La réalité sordide de la guerre sublimée par l’écriture
La collection de mains amuse un temps. Quand il arbore la septième, il passe pour un fou dangereux, on l’isole, et bientôt le capitaine Armand, qui dirige la section, l’envoie à l’arrière. Là, soigné par le docteur François et sa fille qui œuvre comme infirmière, tous deux désignés par leurs yeux bleus jumeaux, le ramènent à une forme de paix. La jeune femme est attirée par lui, et le lui fait sentir. Le médecin lui demande de dessiner ce qu’il ne peut dire. Ceux qu’Alfa Ndiaye réalise sont comme des exorcismes. L’un réveille le souvenir de Penndo Ba, sa mère, trop tôt partie, le deuxième montre Mademba, le troisième le renvoie au crime barbare qu’il a accompli. La punition ne tardera pas, pas seulement liée à ces crimes de guerre.

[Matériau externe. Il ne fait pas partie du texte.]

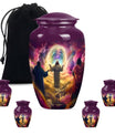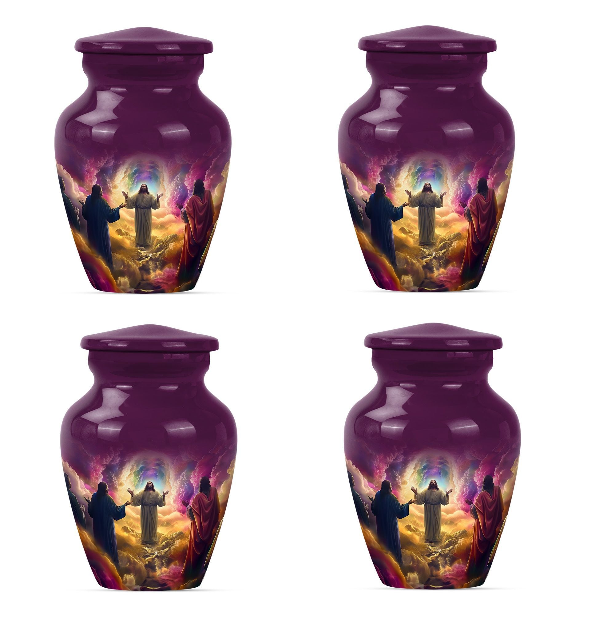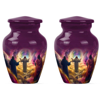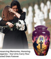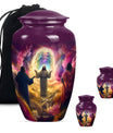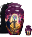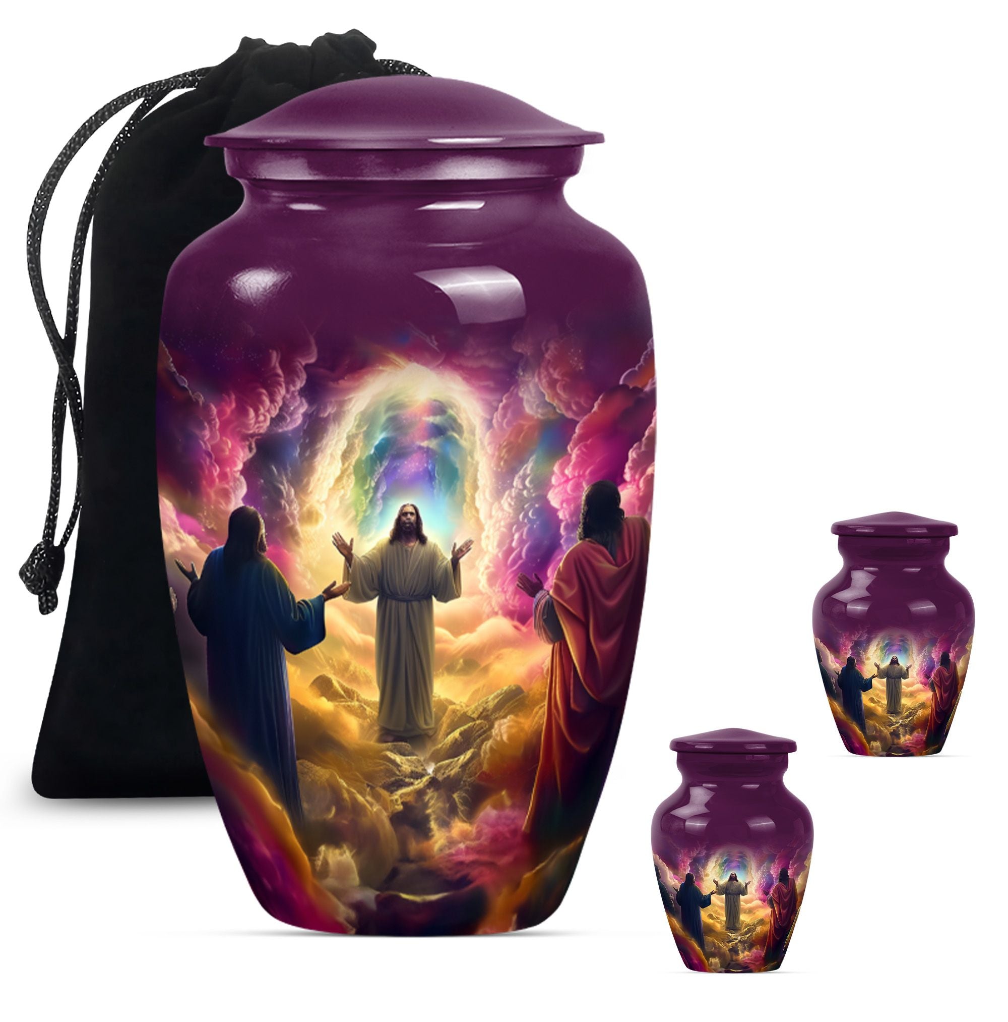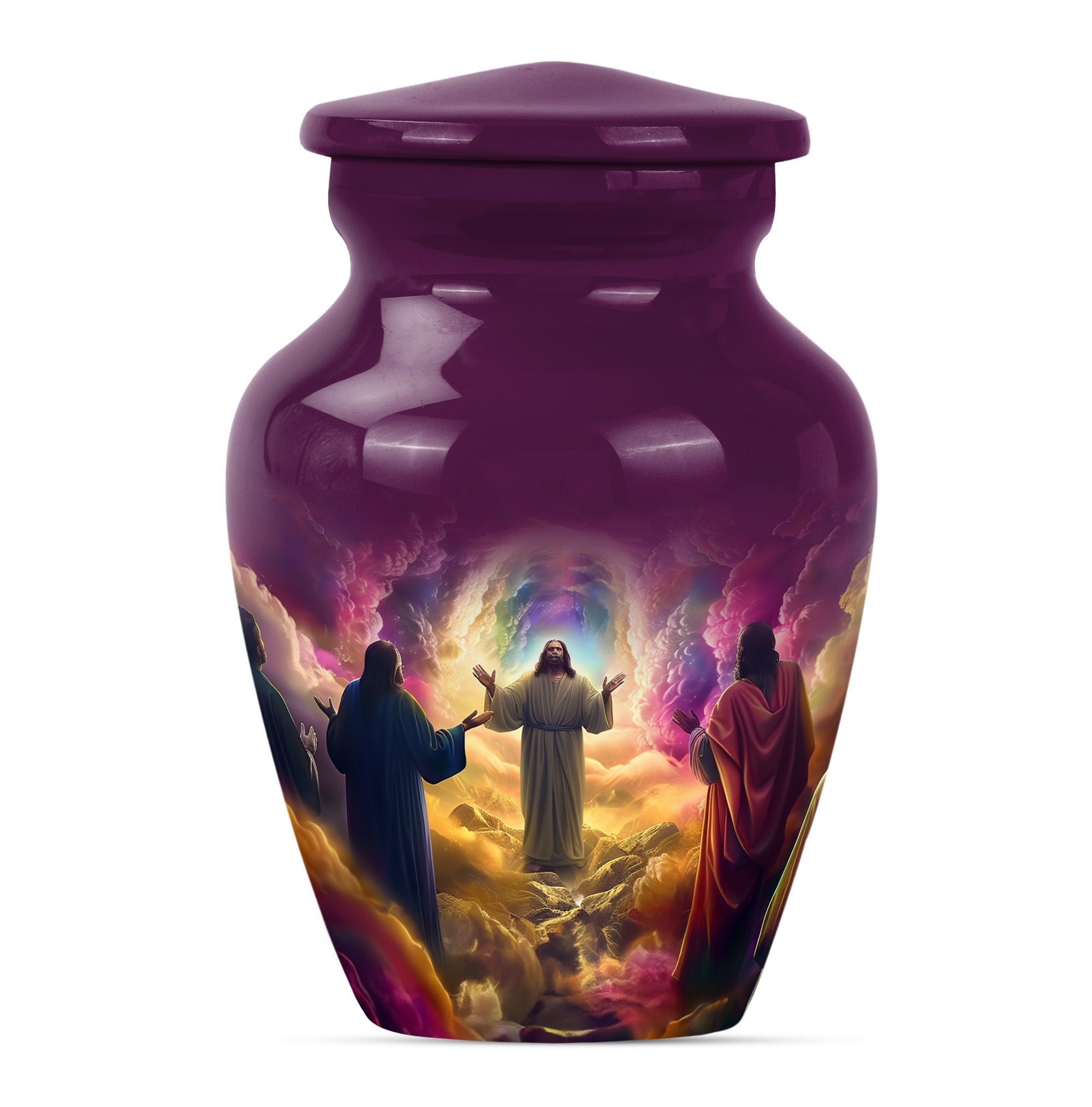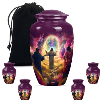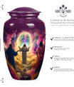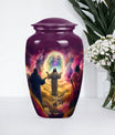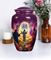 This 10 Inch Jesus Urn is a profound and meaningful piece to pay respect to a beloved departed. Built from high-grade aluminium, the large urn is sturdy and weighs a mere 3.3 pounds, making it manageable yet resilient. Its abstract theme lends it a unique appeal; an understated, non-traditional charm, dear to the sensibilities of many. This cremation urn can hold up to 200 cubic inches of ashes, and comes with a velvet pouch for containment and respectful handling of the remains. Being one of the select cremation funeral urns offering personalization, it allows engraving names to make the urn exclusive to your loved one. No two goodbyes are the same, and this urn appreciates that. This product is aptly poised in the memorial urns category assuring quality and thoughtfulness that elevates your memorium. Whether you're looking for funeral decorative urns or just an urn for ashes, this product rises to the occasion as a meritorious choice.
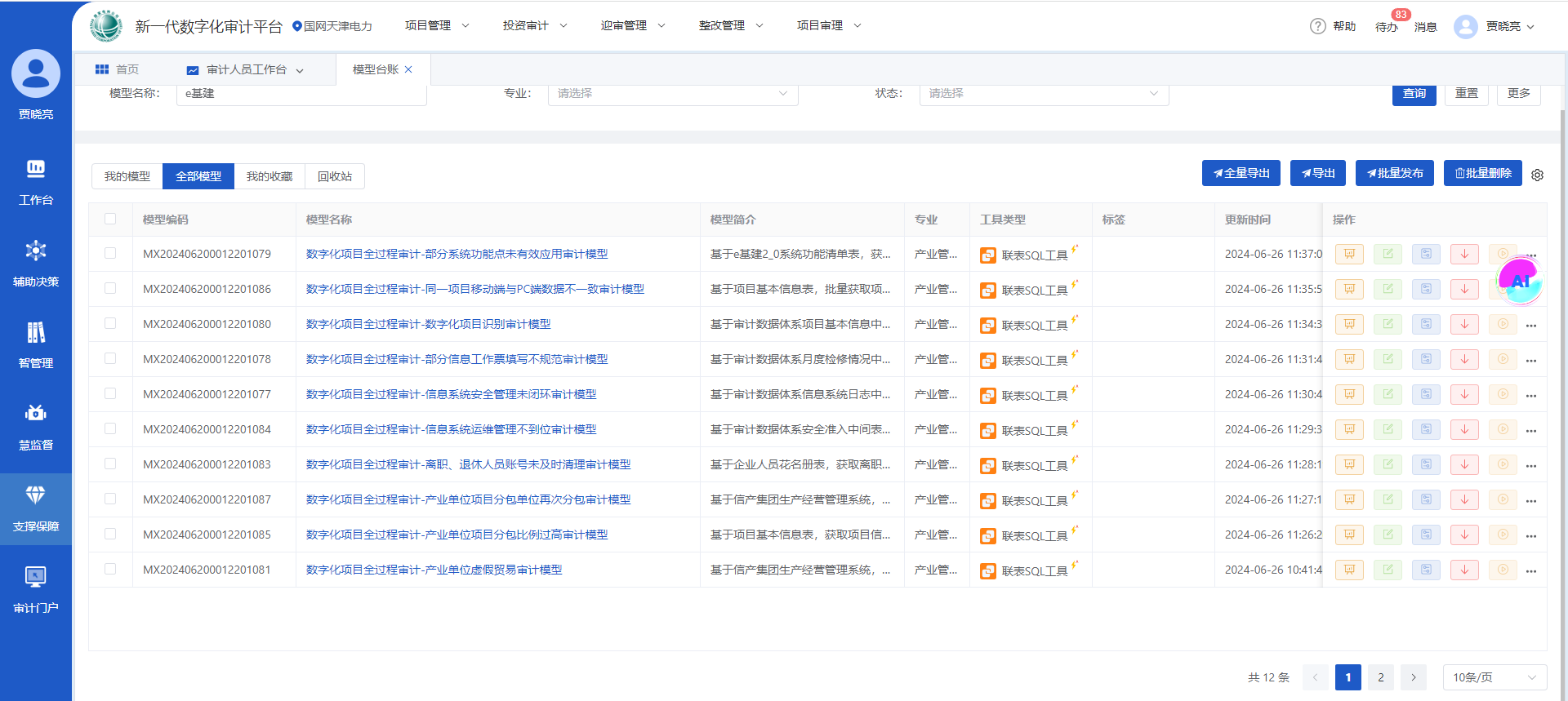 进入审计实施阶段,依托数字化审计平台联表分析工具及审计数据体系,构建购销业务不合规、数字化项目管理体制机制不完善、离职退休人员账号未及时清理、信息系统安全管理未闭环、数字化项目识别、违规分包、隐性债务等12大审计主题模型,实现相关审查点全覆盖审计,同时通过平台数据自动调度功能,数据实时更新,实现数字化项目全流程审计问题实时监督预警。
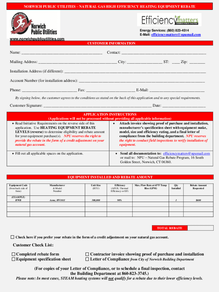 NORWICH PUBLIC UTILITIES NATURAL GAS HIGH EFFICIENCY HEATING EQUIPMENT REBATEEnergy Services: (860) 8234514 Email: efficiencymatters@npumail.comwww.norwichpublicutilities.com CUSTOMER Informational:
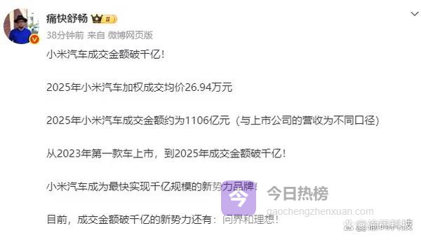 近日,据汽车博主“痛快舒畅”爆料称,小米汽车在2025年实现历史性突破,全年成交金额成功跨越千亿门槛,达到约1106亿元人民币,加权成交均价为26.94万元。
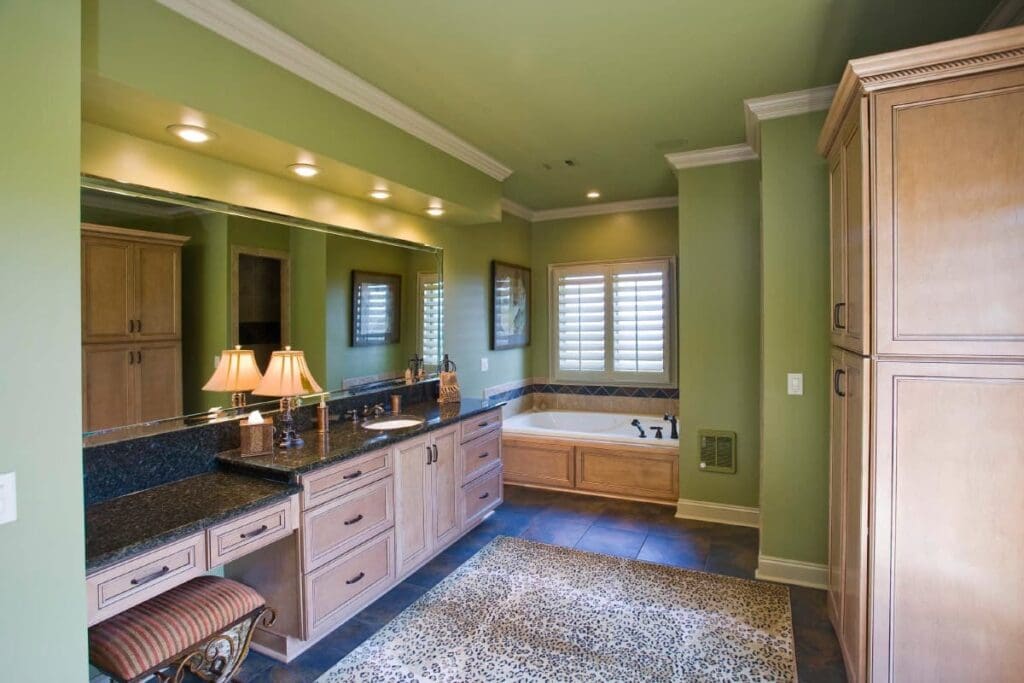 There’s space for a large tub, a walk-in shower, and dual vanities—all arranged for comfort and convenience.
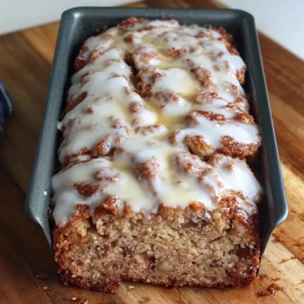 - Once the bread is completely cool, drizzle the glaze evenly over the top. Allow the glaze to set for a few minutes before slicing and serving.
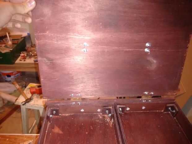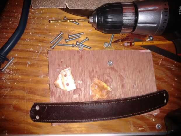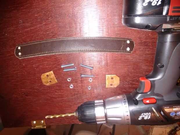 Finalmente los orificios se centraron y perforaron en el panel superior y atornillan a la correa de cuero con el par de protectores de manija en cada extremos.
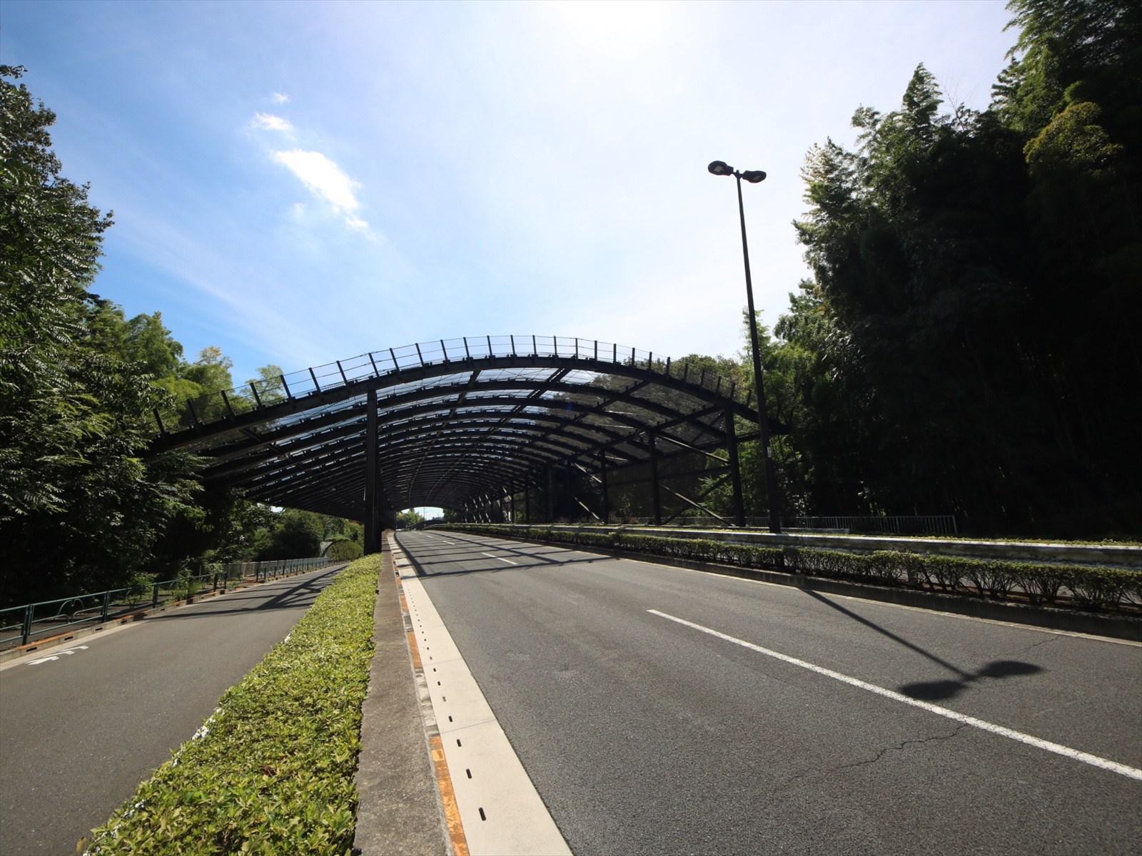 新滝山街道を走っていると「変なトンネル」が目に入ります。トンネルというよりフェンスといったほうが近いかもしれません。じつはこれ、ゴルフ場からの飛球対策施設だったのです。
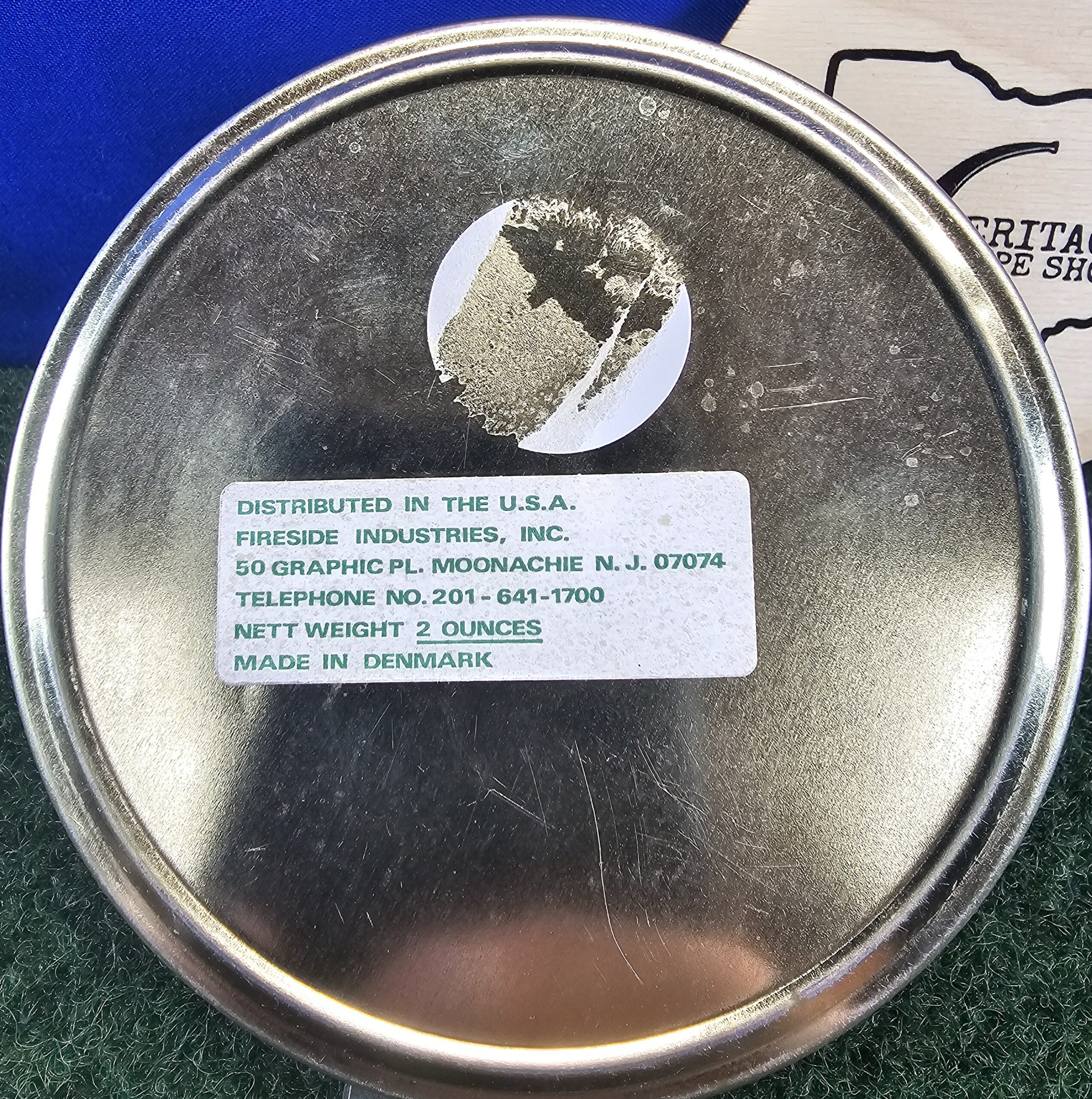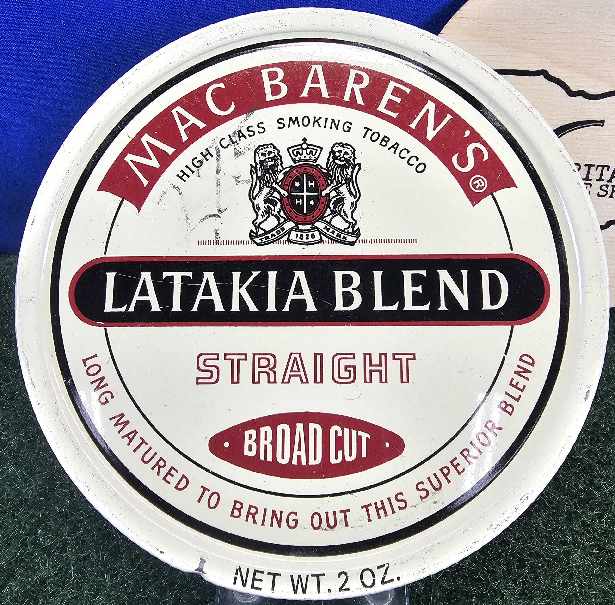 This is a sealed tin of MacBaren's Latakia Blend. Based on the lack of modern additions (UPC and warnings) and the wax pen indicating a price of $2.85, it is estimated as being from the 1970s.
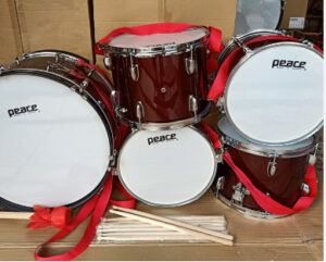 Bộ bao gồm: 1 trống lớn và 4 trống nhỏ, dùi gõ, dây đeo, hộp đựng carton 5 lớp

Une telle présentation de Frères d’âme, deuxième roman de David Diop pourrait tromper. L’intrigue est ancrée dans la réalité sordide d’une guerre ; l’écriture la sublime. Ce roman met en scène les combattants africains qu’on méprise sous l’appellation de « chocolats ». Ils ne parlent pas le français et celui qui parle la langue traduit les ordres aux autres. On n’attend pas grand chose de ces jeunes garçons ; on vante leur force physique et leur puissance, pour mieux nier leur intelligence et leur humanité.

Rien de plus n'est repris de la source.